Interpretation of the Results

The paper’s results consistently point to the same mechanism: a compact codebook applied after continuous SSL features, coupled with explicit normalized pitch injection, can compress away unwanted speaker detail while preserving enough content and prosody for both reconstruction and voice conversion. Compared with LSCodec, SDP-Codec is more faithful in several reconstruction metrics at $24\,\text{kHz}$ and substantially stronger in F0 correlation and STOI, while also improving zero-shot VC. Compared with codec systems such as BiCodec and MSRCodec at $16\,\text{kHz}$, SDP-Codec’s reconstruction is not always the strongest, but its VC behavior and speaker separation are better aligned with the goal of clean speaker decoupling.

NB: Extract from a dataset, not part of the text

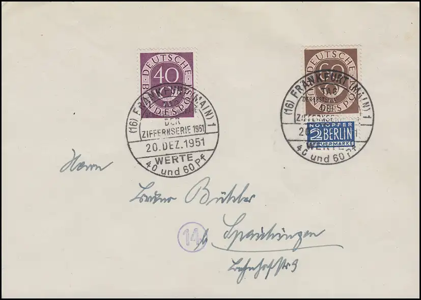 133 / 135 Posthorn 40 Pf und 60 Pf auf echt gelaufenem FDC mit ESST 20.12.1951

The subjective MOS results reinforce the objective findings. SDP-Codec-24-S reaches the highest naturalness among the $24\,\text{kHz}$ methods in the paper, and SDP-Codec-16-L reaches the highest naturalness among the $16\,\text{kHz}$ methods. The speaker-similarity scores are also strong, especially when compared with other codec-based approaches.

Limitations and Stated Future Work

The paper is explicit that content fidelity remains the main limitation of the current system. This is visible in the $16\,\text{kHz}$ large-scale setting, where SDP-Codec-16-L trades reconstruction quality for stronger zero-shot VC behavior. The authors also note that using $\hat{\mathcal{Z}}$ is not ideal because it discards content detail before the codec’s own bottleneck can act, which is why the final model uses continuous $\mathcal{Z}$.

In the conclusion, the authors state that future work will focus on improving content fidelity further and on applying SDP-Codec tokens to downstream speech language models.

Takeaway

SDP-Codec is a single-stage, speaker-decoupled neural codec that combines continuous SSL content features, a compact single codebook, normalized pitch injection, and global-conditioned pitch denormalization. The reported experiments show that this design can reduce speaker leakage in the local tokens, maintain competitive reconstruction quality, and deliver strong zero-shot voice conversion at comparable bitrates across both $16\,\text{kHz}$ and $24\,\text{kHz}$ settings.

Code & Implementation

This repository provides the official implementation of SDP-Codec, a speaker-decoupled speech codec with pitch injection for low-bitrate coding and zero-shot voice conversion as described in the paper.

The code base is organized around reproducing the main experimental setup from the paper, utilizing pretrained models (VQ-Wav2Vec for content and WavLM Large for speaker encoding) alongside a residual vector quantizer (RVQ) with a codebook size of 300. Training, inference, and testing are implemented under the sdpcodec/ folder, with PyTorch Lightning modules and dataloaders in ptl/, and codec-specific encoder and decoder logic in vq/.

The repository includes comprehensive scripts for training (sdpcodec.train) and inference (sdpcodec.infer), supporting source reconstruction and reference-based voice conversion modes. Configuration files using Hydra are provided in configs/ to replicate the paper's settings, particularly the 24 kHz LibriTTS experiment.

Large pretrained weights (WavLM Large and VQ-Wav2Vec k-means) are required for operation and must be downloaded separately, as documented in docs/pretrained_assets.md. The repository supports a streamlined installation and a quick single-GPU smoke test, easing reproduction of the paper’s results.